Borja Iglesias Quintas (; born 17 January 1993) is a Spanish professional footballer who plays for La Liga club Real Betis and the Spain national team as a striker.

Formed at Celta, where he played mainly in the reserves, he achieved totals of over 140 La Liga games and 40 goals for that team, Espanyol and Betis, winning the 2021–22 Copa del Rey with the latter.

Club career

Villarreal
Born in Santiago de Compostela, Province of A Coruña, Galicia, Iglesias graduated from Villarreal CF's youth setup after stints at CD Roda and Valencia CF. He started his senior career in 2012, with the former's C team in Tercera División.

Celta
Iglesias joined RC Celta de Vigo on 9 July 2013, signing a two-year deal with an option for a further three and being assigned to the reserves in Segunda División B. On 3 January 2015 he made his first-team – and La Liga – debut, coming on as a 78th-minute substitute for Santi Mina in a 1–0 away loss against Sevilla FC.
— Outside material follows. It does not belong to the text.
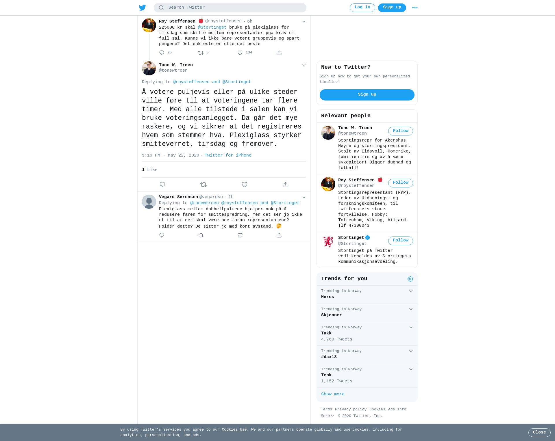 @roysteffensen @Stortinget Å votere puljevis eller på ulike steder ville føre til at voteringene tar flere timer. Med alle tilstede i salen kan vi bruke voteringsanlegget. Da går det mye raskere, og vi sikrer at det registreres hvem som stemmer hva. Plexiglass styrker smittevernet, tirsdag og fremover.

On 11 December 2016, after scoring a brace in a 3–2 away defeat to Caudal Deportivo, Iglesias became Celta B's all-time top scorer with 53 goals, surpassing Goran Marić. He topped the third-tier charts at 32, being essential as his team sealed a play-off berth.

On 6 July 2017, Iglesias was loaned to Segunda División club Real Zaragoza for one year. He scored his first goal for his new team on 27 August, the equaliser through a penalty kick in a 1–1 home draw with Granada CF. Additionally, he scored braces against Córdoba CF, Sevilla Atlético, Real Valladolid and CA Osasuna, to reach 15 goals by March and finish the season as the division's joint-third highest scorer on 22. Earlier on 24 September, he was sent off just before half time in a 1–1 draw with Gimnàstic de Tarragona at La Romareda for what the referee considered an aggression towards goalkeeper Stole Dimitrievski.

Espanyol
On 9 July 2018, Iglesias signed a four-year contract with RCD Espanyol with a buyout clause of €28 million. He made his official debut for the club on 18 August, starting in a 1–1 home draw against former club Celta. In his next appearance, he helped the hosts defeat Valencia CF 2–0 after profiting from a Cristiano Piccini mistake midway through the second half.
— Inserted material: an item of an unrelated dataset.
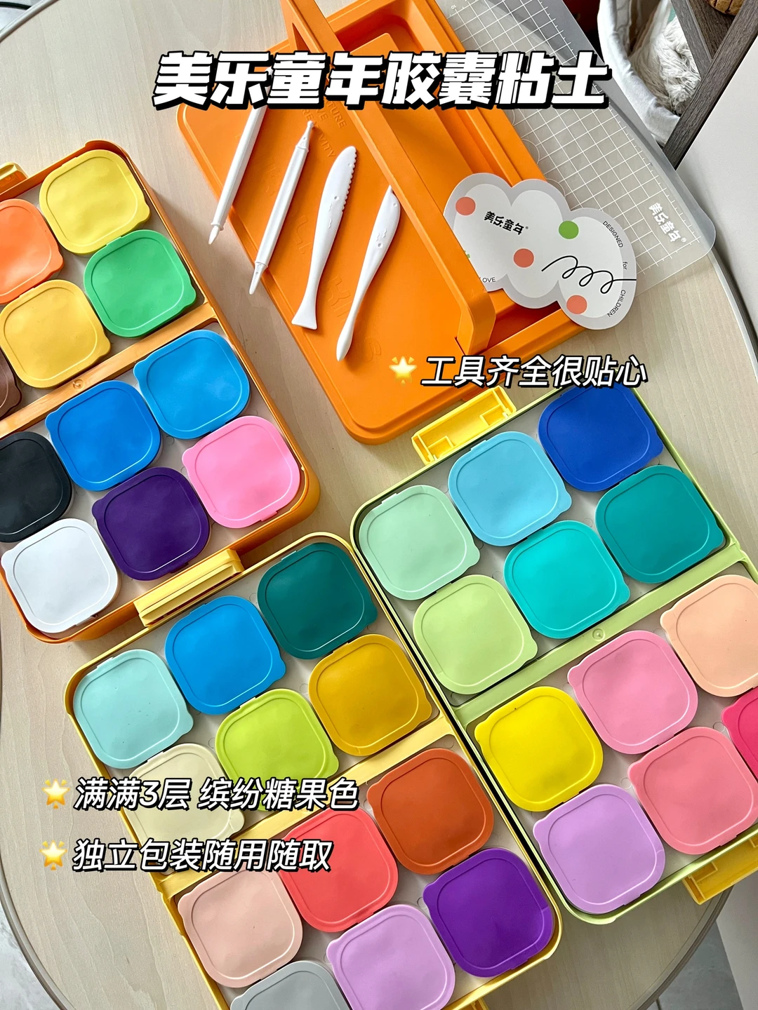 家有小朋友的推荐这款美乐童年的胶囊粘土,它是儿童配方,坚持5大不添加、6道严检,0异味,0重金属,0有害添加…原料很安心,可以放心给孩子用。

Iglesias scored three goals over two legs in an aggregate 7–1 win over Ungmennafélagið Stjarnan in the second qualifying round of the UEFA Europa League in late July and early August 2019.

Betis

On 14 August 2019, Iglesias moved to Real Betis after agreeing to a five-year deal for a fee of €28 million, reuniting with his former Espanyol manager Rubi. He struggled with just three goals as the team finished 15th in his debut campaign, and received a red card on 20 February at the end of a goalless draw at CD Leganés for pushing an opposition coach. In 2020–21, he contributed 13 goals – 11 in the league – to clinch a Europa League place.
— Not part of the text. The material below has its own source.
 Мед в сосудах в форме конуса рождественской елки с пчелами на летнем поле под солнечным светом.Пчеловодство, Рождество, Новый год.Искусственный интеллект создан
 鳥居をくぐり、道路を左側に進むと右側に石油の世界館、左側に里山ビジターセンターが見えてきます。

On 3 March 2022, in the second leg of the semi-finals of the Copa del Rey against Rayo Vallecano, Iglesias scored in stoppage time to ensure his team a 1–1 draw and a spot in the final. In the decisive match on 23 April, he scored the opening goal of a 1–1 draw with Valencia as his team won on penalties; he also topped the tournament's individual charts at five, and was the final's most valuable player.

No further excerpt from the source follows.